F.D.D.F. : « Il y a une vie après le demi-fond, et vous allez le prouver »
Charles Bertrand : « Avec mon ami Joseph Bourdon - ancien coureur lui aussi à l’U.V.C. - on avait pris l’habitude de faire de fameux rallyes sur les routes avec sa Panhard PL 17, pour nous rendre au départ - ou pour revenir - des courses cyclistes. Lui au volant, moi à la carte, le soir du retour du championnat de France de Reims, je lui avais dit : « C’est dangereux ces conneries là, tu ne crois pas qu’à ce compte-là on ferait mieux de faire des rallyes tous les deux ? »
Après le « coup » du championnat du Monde 1964, on a concrétisé ce projet, et je suis reparti pour une nouvelle aventure… qui nous a vu, de 1965 à 1975, gagner ensemble, sur R8 Gordini 1100 ou Alpine Berlinette 1300 et 1600, tout ce qui pouvait ressembler à un rallye automobile sur une ligne La Baule / Le Touquet !

On a vécu des moments épiques et intenses, tels ces rallyes de la Côte Fleurie (trois ou quatre victoires au compteur, je ne sais plus), celui du Touquet, à la lutte avec les Jean-Luc Thérier, Jean Vinatier, Philippe Farjeon, ou encore cet hallucinant Rallye du Portugal où mon coéquipier m’a vraiment bluffé par ses capacités de mémorisation des parcours tout à fait hors-normes »
Charles Bertrand, la modestie faite homme, a vécu le sport en autodidacte, avec la passion et la curiosité sans cesse chevillées au corps. Il se demande sincèrement si son histoire est bien de nature à intéresser le public, et m’a rappelé autant de fois que possible sa condition de « petit » coureur, tout en m’interrogeant sur la nécessité de la publier. Car il est persuadé que son parcours ne présente rien de bien extraordinaire.
J’espère vous avoir convaincus du contraire.

Clerambosq cedric (visiteur) · 6 avril 2020
Bonsoir
Petit fils de Camille Clerambosq,
J’ai eu la chance de rencontrer à plusieurs reprises Charles notamment lors de l’exposition sur Camille en 2011 a St Aubin sur mer .
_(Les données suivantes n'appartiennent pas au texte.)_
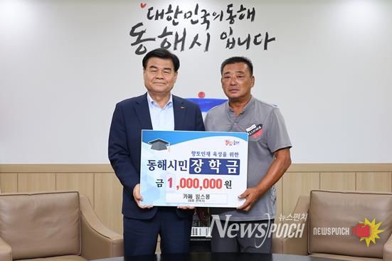 뉴스펀치 김호정 기자 | 카페 빙스퐁은 지난 8월 23일 지역의 인재들을 지원하는 데 힘쓰고자 동해시민 장학금 일백만원을 전달했다.
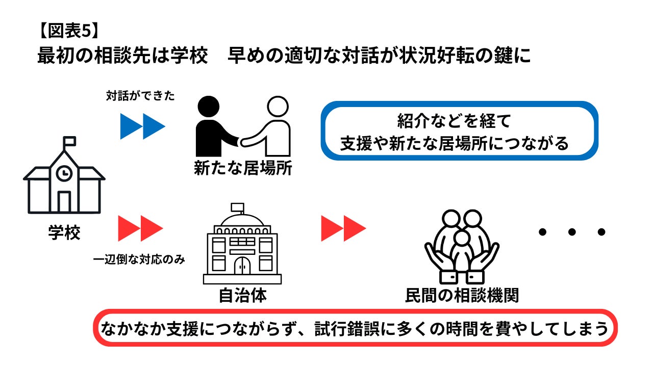 学校での相談がうまくいかない場合、地域(自治体)、民間の相談機関へと助けを求めた親もいます。相談相手が見つけられないことでなかなか支援につながらず、試行錯誤に多くの時間を費やしてしまうケースもあります【図表5】。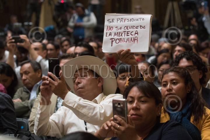 CIUDAD DE MÉXICO, 17MARZO2019.- Una ciudadana le pide al Presidente de México "no se olvide de la Mixteca Poblana", durante la ceremonia de clausura del Foro Nacional "Planeación Juntos la Transformación de México", realizado en el Palacio Nacional. FOTO: MOISÉS PABLO /CUARTOSCURO.COM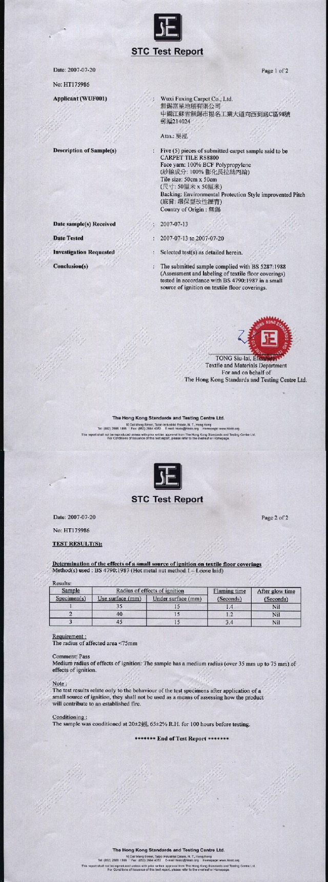 丙纶方块地毯检测报告/ 防火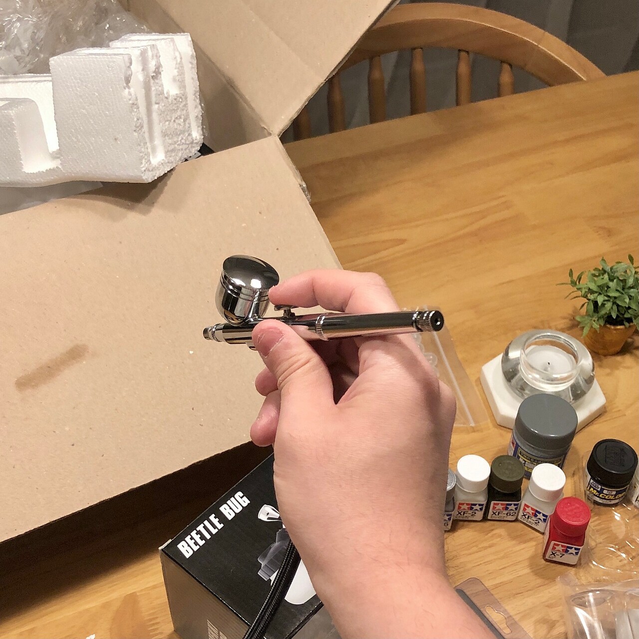 에나멜을 붓에 발라서 한땀한땀(?) 칠하다 결국 에어브러시의 필요성을 느꼈었거든요.

Merci pour ce bel interview de Charles .
Les récits de Charles nous ont replongé sur toute une époque et notamment des personnes que j'ai pu croiser et apprécier, Marcel Jamme, Roger Aveneau, travailleurs de l'ombre et passionnés, ils ont fait vivre tous les 2 vélodromes de Saint-Lô et Caen pendant plusieurs générations.